Les textiles employés dans le montage : Hyôsôgire 表装裂


hyogu 5A l’origine, les soies qui furent utilisées dans le montage des peintures sur rouleaux verticaux n’étaient pas expressément tissées pour cet usage. Les monteurs utilisaient alors des soies venant de l’habit monastique des prêtres bouddhistes (comme le kesa 袈裟) ou encore des kimono 着物 (portés par la noblesse) anciens ou délaissés. L’attrait pour les textiles s’expliquerait dès l’époque de Heian par le fait que l’intérieur dans lequel vivait l’aristocratie était alors relativement sobre et dépouillé, pour des raisons fonctionnelles. Aussi les textiles apportaient l’occasion d’égailler cet environnement, sous formes de tentures ou bien directement dans les costumes, où les superpositions de kimono et les jeux de couleurs étaient extrêmement complexes à l’époque de Heian.

Ce n’est que relativement tardivement que des artisans se consacrèrent au tissage de textiles réservés spécifiquement à l’usage du montage des peintures sur rouleaux verticaux. Il est donc possible de distinguer deux types de montage : ceux antérieurs à 1882, qui furent réalisés en réutilisant des textiles ayant le plus souvent une origine vestimentaire, et ceux postérieurs à cette date qui peuvent employer aussi bien des textiles tissés spécifiquement pour le montage que provenant d’anciens vêtements.

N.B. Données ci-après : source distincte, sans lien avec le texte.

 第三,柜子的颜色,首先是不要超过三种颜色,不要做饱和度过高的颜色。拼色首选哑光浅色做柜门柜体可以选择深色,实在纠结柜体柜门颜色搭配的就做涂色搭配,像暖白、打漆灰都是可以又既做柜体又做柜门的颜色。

Du fait des origines vestimentaires des textiles employés dans le montage des rouleaux verticaux, nous trouvons une grande variété de textiles qui ont été ou sont encore employés à cet usage. Cela va du textile le plus simple, uni, au brocart le plus richement décoré.

Les textiles peuvent être tissés à partir de fibres d’origine animale, comme la soie ou la laine, ou de fibres végétales, comme le coton ou le lin. Le fil de soie reste cependant le matériau qui compose la grande majorité des textiles employés dans le montage.

Les motifs que nous pouvons observer sur les soies utilisées dans le hyôgu, reflètent ses origines et l’époque où le monteur se servait des textiles inutilisés par la noblesse ou la communauté monastique. Il existe une très grande variété de motifs dans les textiles employés dans le montage des rouleaux verticaux répartis en trois catégories principales à savoir, les motifs animaliers (les animaux mythiques ou légendaires et les animaux réels), les motifs floraux et végétaux comme la fleur de lotus rengei 蓮華, la pivoine botan 牡丹, ainsi que le chrysanthème kiku 菊, et enfin les motifs géométriques (losanges, damiers ou triangles).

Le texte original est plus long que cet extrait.